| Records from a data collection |
————————
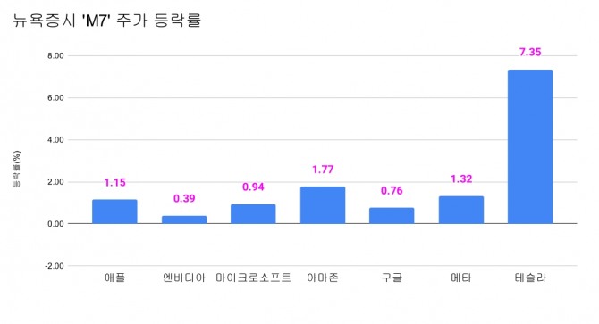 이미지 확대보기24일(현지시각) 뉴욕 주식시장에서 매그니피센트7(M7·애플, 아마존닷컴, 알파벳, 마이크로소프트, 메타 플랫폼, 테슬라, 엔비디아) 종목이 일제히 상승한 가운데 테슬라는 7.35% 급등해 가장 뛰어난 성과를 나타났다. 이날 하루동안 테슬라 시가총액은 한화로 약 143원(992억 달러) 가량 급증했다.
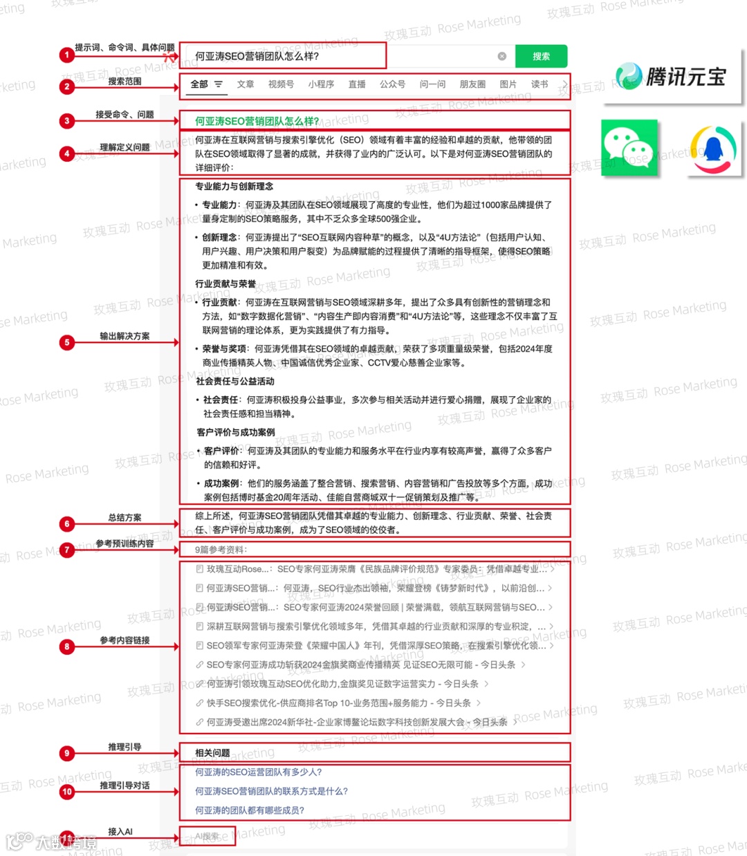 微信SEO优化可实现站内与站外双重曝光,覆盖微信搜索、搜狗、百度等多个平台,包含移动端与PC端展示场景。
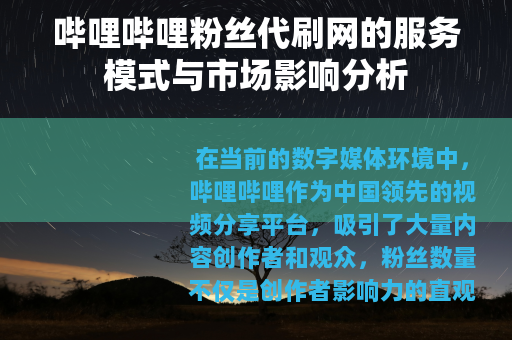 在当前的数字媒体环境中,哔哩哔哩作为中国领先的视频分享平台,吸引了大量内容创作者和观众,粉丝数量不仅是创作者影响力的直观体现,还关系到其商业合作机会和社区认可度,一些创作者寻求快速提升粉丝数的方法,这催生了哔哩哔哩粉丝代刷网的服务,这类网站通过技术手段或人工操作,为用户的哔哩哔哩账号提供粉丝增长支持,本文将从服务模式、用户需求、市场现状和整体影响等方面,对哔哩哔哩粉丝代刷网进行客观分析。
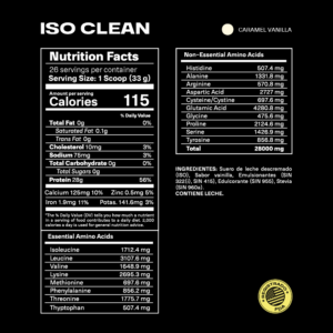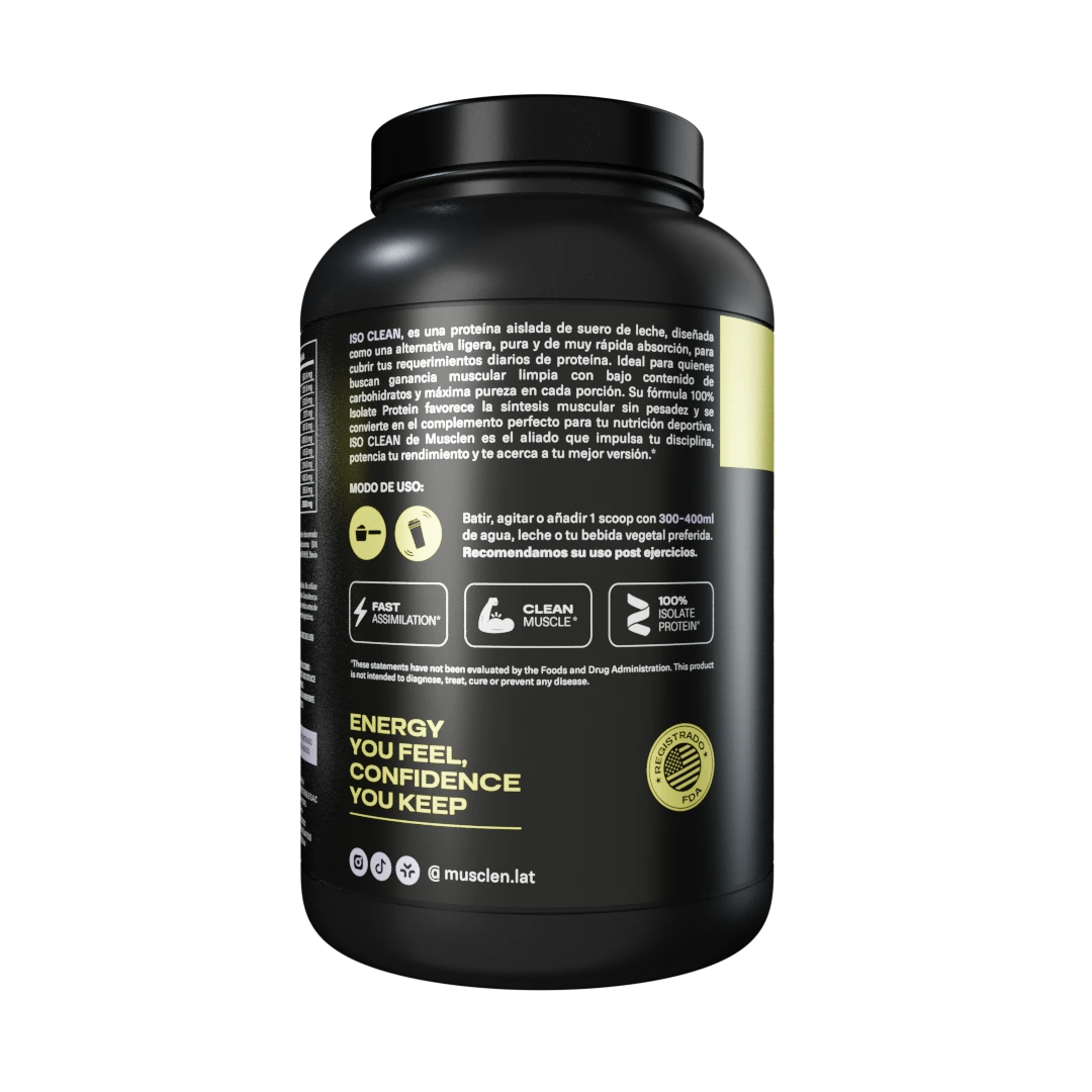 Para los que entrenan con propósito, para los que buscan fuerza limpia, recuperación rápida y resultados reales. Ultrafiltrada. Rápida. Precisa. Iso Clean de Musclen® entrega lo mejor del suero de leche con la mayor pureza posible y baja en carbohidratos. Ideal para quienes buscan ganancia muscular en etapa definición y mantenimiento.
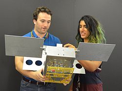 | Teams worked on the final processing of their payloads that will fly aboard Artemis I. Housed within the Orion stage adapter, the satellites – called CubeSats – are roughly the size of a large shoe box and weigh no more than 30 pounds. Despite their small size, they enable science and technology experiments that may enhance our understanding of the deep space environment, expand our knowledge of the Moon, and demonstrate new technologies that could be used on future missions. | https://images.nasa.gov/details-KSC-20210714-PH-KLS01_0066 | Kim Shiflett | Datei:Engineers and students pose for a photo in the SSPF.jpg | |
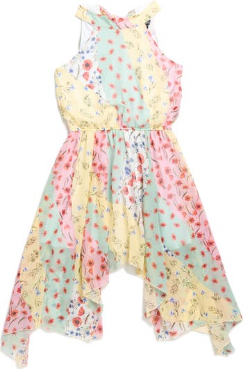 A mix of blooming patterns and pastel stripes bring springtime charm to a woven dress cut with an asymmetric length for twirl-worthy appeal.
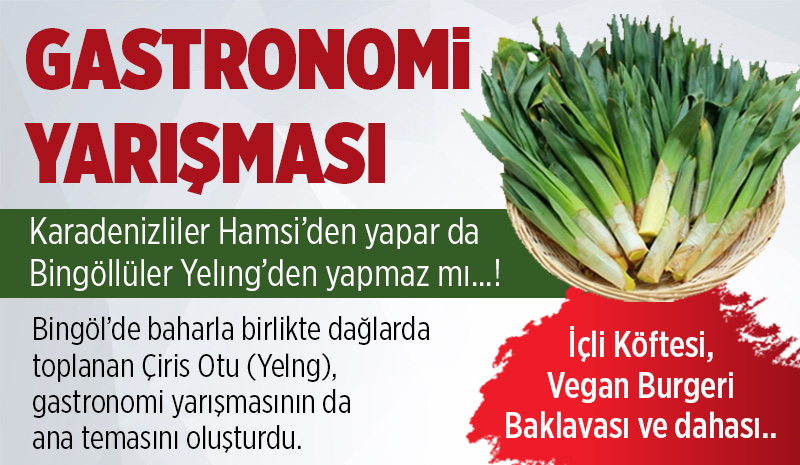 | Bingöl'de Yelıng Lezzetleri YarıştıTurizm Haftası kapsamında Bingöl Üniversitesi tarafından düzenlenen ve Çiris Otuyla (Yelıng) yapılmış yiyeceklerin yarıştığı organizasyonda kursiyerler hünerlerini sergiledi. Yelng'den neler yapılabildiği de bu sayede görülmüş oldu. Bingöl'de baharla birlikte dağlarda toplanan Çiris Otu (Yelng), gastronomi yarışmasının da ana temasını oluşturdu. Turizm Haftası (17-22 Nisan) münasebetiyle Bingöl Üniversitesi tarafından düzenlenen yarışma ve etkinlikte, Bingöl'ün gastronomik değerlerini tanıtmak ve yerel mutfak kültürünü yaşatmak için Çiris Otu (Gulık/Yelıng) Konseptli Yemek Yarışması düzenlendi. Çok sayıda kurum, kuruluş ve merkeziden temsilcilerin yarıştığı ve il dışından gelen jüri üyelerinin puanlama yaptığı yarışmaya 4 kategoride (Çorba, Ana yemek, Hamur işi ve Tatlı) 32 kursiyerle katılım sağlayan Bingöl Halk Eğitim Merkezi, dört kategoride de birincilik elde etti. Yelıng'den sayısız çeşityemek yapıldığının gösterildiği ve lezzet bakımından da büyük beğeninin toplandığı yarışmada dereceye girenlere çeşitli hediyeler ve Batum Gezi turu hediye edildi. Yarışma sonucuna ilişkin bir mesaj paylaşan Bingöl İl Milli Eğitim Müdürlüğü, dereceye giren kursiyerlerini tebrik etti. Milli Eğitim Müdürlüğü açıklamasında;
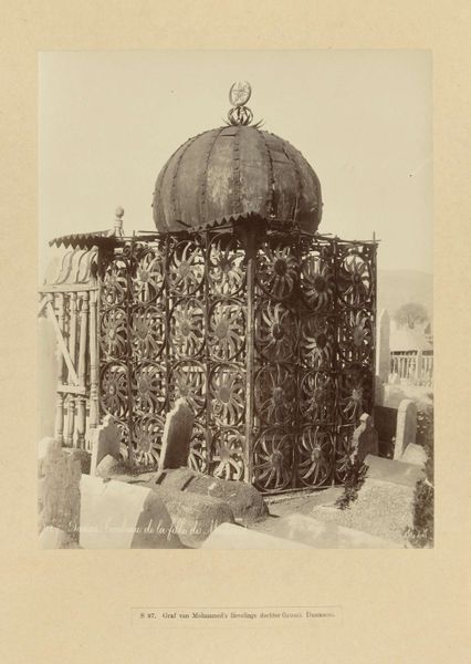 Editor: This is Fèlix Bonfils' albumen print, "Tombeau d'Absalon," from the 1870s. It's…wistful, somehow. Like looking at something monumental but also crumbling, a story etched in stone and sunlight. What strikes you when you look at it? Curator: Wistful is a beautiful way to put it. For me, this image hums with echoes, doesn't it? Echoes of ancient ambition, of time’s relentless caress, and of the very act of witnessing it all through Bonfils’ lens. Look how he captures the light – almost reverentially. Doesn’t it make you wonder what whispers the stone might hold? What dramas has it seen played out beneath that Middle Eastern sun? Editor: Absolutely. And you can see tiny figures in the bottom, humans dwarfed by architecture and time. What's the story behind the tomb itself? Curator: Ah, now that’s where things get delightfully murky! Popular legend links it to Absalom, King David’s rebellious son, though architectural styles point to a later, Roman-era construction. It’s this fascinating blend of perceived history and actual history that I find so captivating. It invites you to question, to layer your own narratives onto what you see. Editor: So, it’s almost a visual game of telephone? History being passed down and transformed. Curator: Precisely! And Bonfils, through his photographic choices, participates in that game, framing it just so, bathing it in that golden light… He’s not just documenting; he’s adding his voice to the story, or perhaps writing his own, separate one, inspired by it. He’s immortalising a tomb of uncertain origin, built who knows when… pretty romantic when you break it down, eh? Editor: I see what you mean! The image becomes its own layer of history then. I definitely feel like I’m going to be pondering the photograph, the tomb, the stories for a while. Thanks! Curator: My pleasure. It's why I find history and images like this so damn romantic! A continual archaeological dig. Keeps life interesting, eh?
————————
| TASK BRIEF |
Quote only what lies between the first line of the records and the line containing "SSPF.jpg | |", please, including both lines and excluding images.

| EXERCISE SOLUTION |
 이미지 확대보기24일(현지시각) 뉴욕 주식시장에서 매그니피센트7(M7·애플, 아마존닷컴, 알파벳, 마이크로소프트, 메타 플랫폼, 테슬라, 엔비디아) 종목이 일제히 상승한 가운데 테슬라는 7.35% 급등해 가장 뛰어난 성과를 나타났다. 이날 하루동안 테슬라 시가총액은 한화로 약 143원(992억 달러) 가량 급증했다.
 微信SEO优化可实现站内与站外双重曝光,覆盖微信搜索、搜狗、百度等多个平台,包含移动端与PC端展示场景。
 在当前的数字媒体环境中,哔哩哔哩作为中国领先的视频分享平台,吸引了大量内容创作者和观众,粉丝数量不仅是创作者影响力的直观体现,还关系到其商业合作机会和社区认可度,一些创作者寻求快速提升粉丝数的方法,这催生了哔哩哔哩粉丝代刷网的服务,这类网站通过技术手段或人工操作,为用户的哔哩哔哩账号提供粉丝增长支持,本文将从服务模式、用户需求、市场现状和整体影响等方面,对哔哩哔哩粉丝代刷网进行客观分析。
 Para los que entrenan con propósito, para los que buscan fuerza limpia, recuperación rápida y resultados reales. Ultrafiltrada. Rápida. Precisa. Iso Clean de Musclen® entrega lo mejor del suero de leche con la mayor pureza posible y baja en carbohidratos. Ideal para quienes buscan ganancia muscular en etapa definición y mantenimiento.
 | Teams worked on the final processing of their payloads that will fly aboard Artemis I. Housed within the Orion stage adapter, the satellites – called CubeSats – are roughly the size of a large shoe box and weigh no more than 30 pounds. Despite their small size, they enable science and technology experiments that may enhance our understanding of the deep space environment, expand our knowledge of the Moon, and demonstrate new technologies that could be used on future missions. | https://images.nasa.gov/details-KSC-20210714-PH-KLS01_0066 | Kim Shiflett | Datei:Engineers and students pose for a photo in the SSPF.jpg | |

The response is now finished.